• [TASK DETAILS] Below is a listing to write out in full, exactly as given, without its pictures.

• [GIVEN DATA]
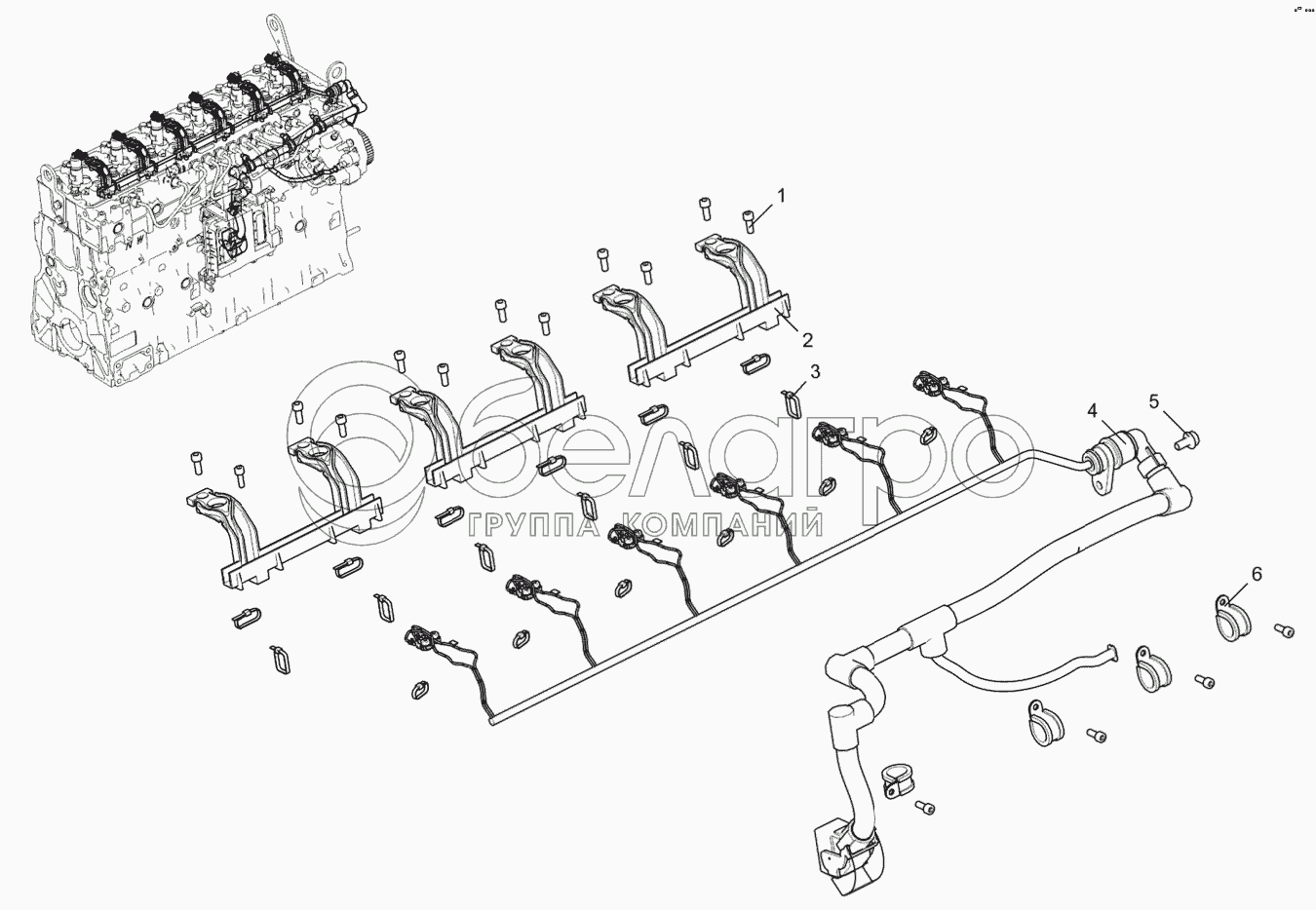Каталог запасных частей к технике: ЯМЗ-536. Жгут форсунок 536-30-372400-010
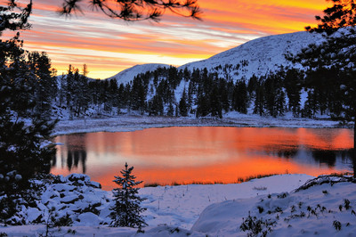Бурлев Виктор, озеро огненное. Цвета чистые, насыщенные, редкое сочетание.
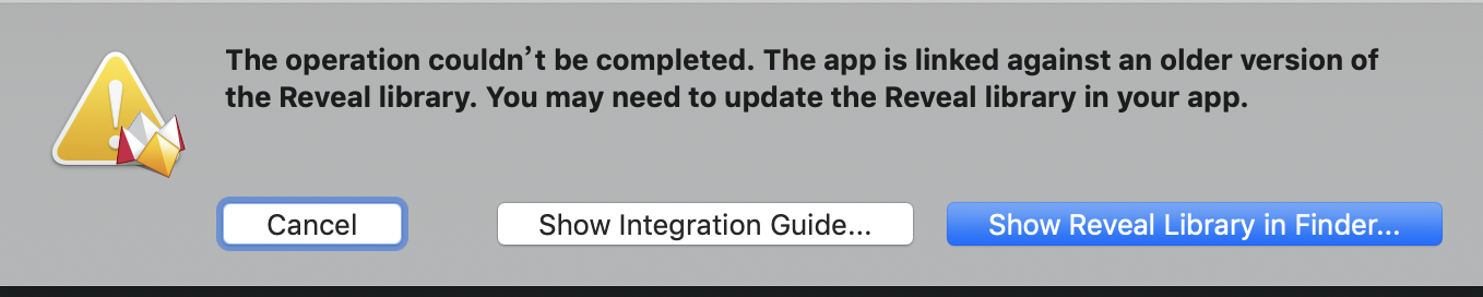 - Mac上打开Reveal点击要调试的App,会出现如图错误:

• [ANSWER BELOW]
Каталог запасных частей к технике: ЯМЗ-536. Жгут форсунок 536-30-372400-010
Бурлев Виктор, озеро огненное. Цвета чистые, насыщенные, редкое сочетание.
 - Mac上打开Reveal点击要调试的App,会出现如图错误:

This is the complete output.